James A. Calhoun (born May 10, 1942) is a longtime college basketball coach. He is best known for his tenure as head coach of the University of Connecticut (UConn) men's basketball team. His teams won three NCAA national championships (1999, 2004, 2011), played in four Final Fours, won the 1988 NIT title, and won seven Big East tournament championships (1990, 1996, 1998, 1999, 2002, 2004, 2011). With his team's 2011 NCAA title win, the 68-year-old Calhoun became the oldest coach to win a Division I men's basketball title. He won his 800th game in 2009 and finished his NCAA Division I career with 873 victories, ranking 11th all-time as of February 2019. From 2018–21, he served as head coach of the University of Saint Joseph men's basketball team. Calhoun is one of only six coaches in NCAA Division I history to win three or more championships, and he is widely considered one of the greatest coaches of all time. In 2005, he was inducted into the Basketball Hall of Fame.

Early life and education
A self-described Irish Catholic, Calhoun was born and raised in Braintree, Massachusetts, where he was a standout on the basketball, football, and baseball teams at Braintree High School. After his father died of a heart attack when Calhoun was 15, he was left to watch over his large family that included five siblings.

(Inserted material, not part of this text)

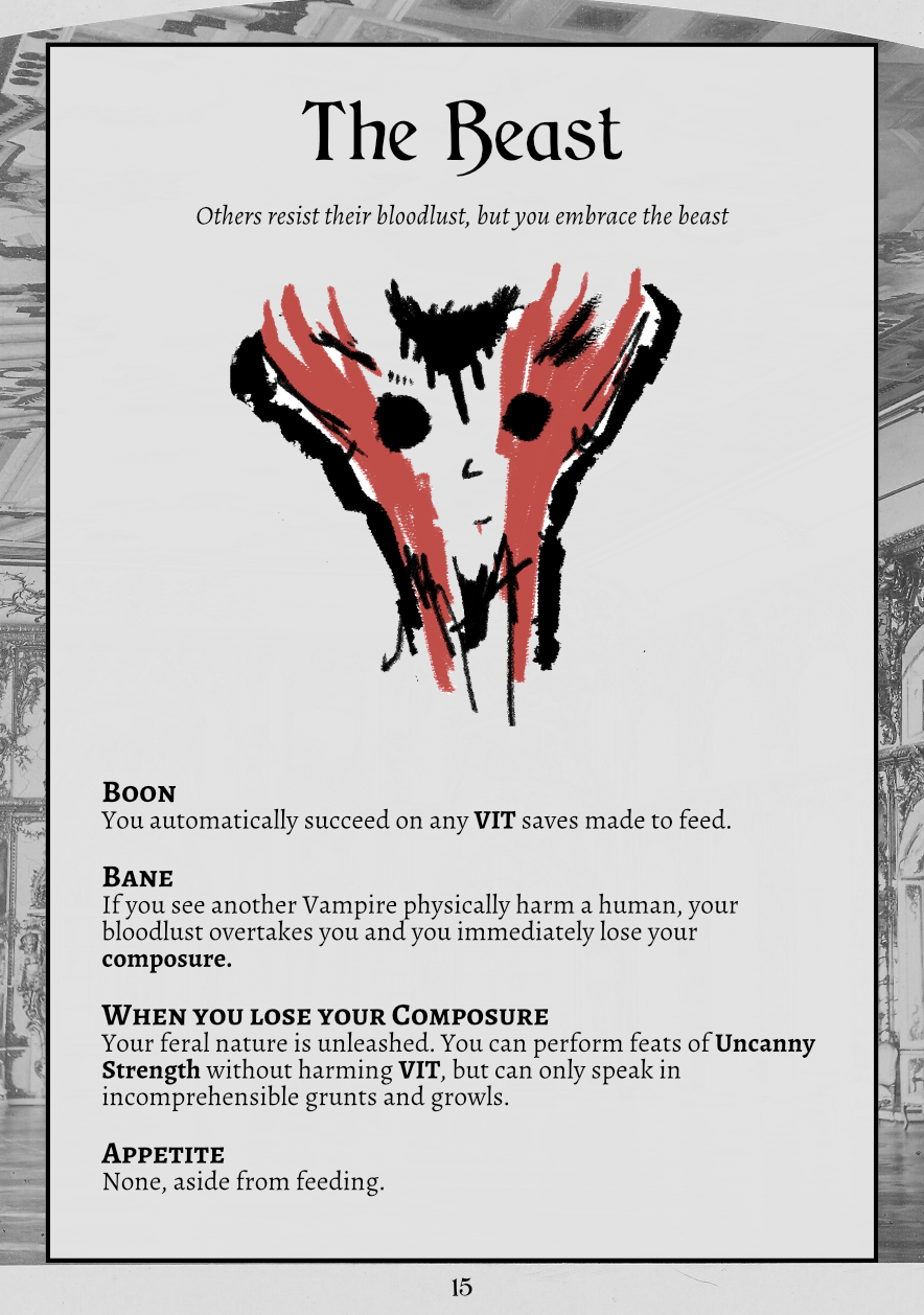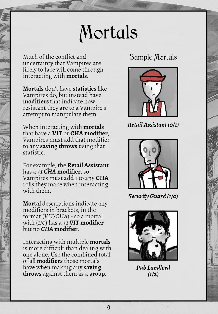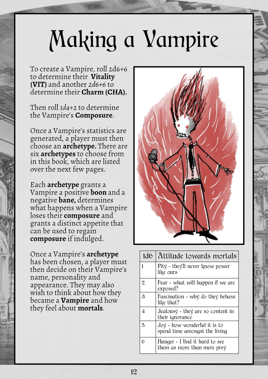 We hope that players will find both humour and tension in the contrast between the normal situations they need to navigate and the horrific power they wield as vampires. Humans can easily be killed, beguiled or terrified, but these apparent solutions are likely to escalate a tricky situation into uncontrollable chaos.

Although he received a basketball scholarship to Lowell State, he only attended the school for three months after which he returned home to help support his mother and siblings. He worked as a granite cutter, headstone engraver, scrapyard worker, shampoo factory worker, and gravedigger.

After a 20-month leave from higher education, Calhoun returned to college, this time at American International College in Springfield, Massachusetts, where he was given another basketball scholarship. He was the leading scorer on the team his junior and senior seasons, and captained the team in his final year, during which AIC advanced to the Division II playoffs. At the time he graduated, he was ranked as the fourth all-time scorer at AIC. Calhoun graduated in 1968 with a bachelor's degree in sociology.

Coaching career

High school
Calhoun began his coaching career at Lyme-Old Lyme High School in Old Lyme, Connecticut in the 1968–69 season after accepting a sixth grade teaching position in that town over the summer. After finishing 1–17 that season, Calhoun returned to Massachusetts after deciding not to complete the necessary certification paperwork to renew his teaching contract (he was certified in Massachusetts and working in Conn. only on a temporary certificate). After one season at Westport (Massachusetts) High, he accepted a position at Dedham High School and began building a very strong program. He completed a 20–1 season in 1971.

In 1972 he helped his Dedham High School team have a perfect season (18–0) and win the Massachusetts High School Bay State Championship.

Northeastern
Calhoun was recruited by Northeastern University in Boston to serve as their new head coach. He took the position in October 1972. He transitioned the team from Division II to Division I in 1979.

The Huskies advanced to the Division I tournament 4 times under Calhoun. During his final three seasons, Northeastern achieved automatic bids to the NCAA tournament and had a 72–19 record. He received six regional Coach of the Year accolades at Northeastern and remains the institution's all-time winningest coach (245–138).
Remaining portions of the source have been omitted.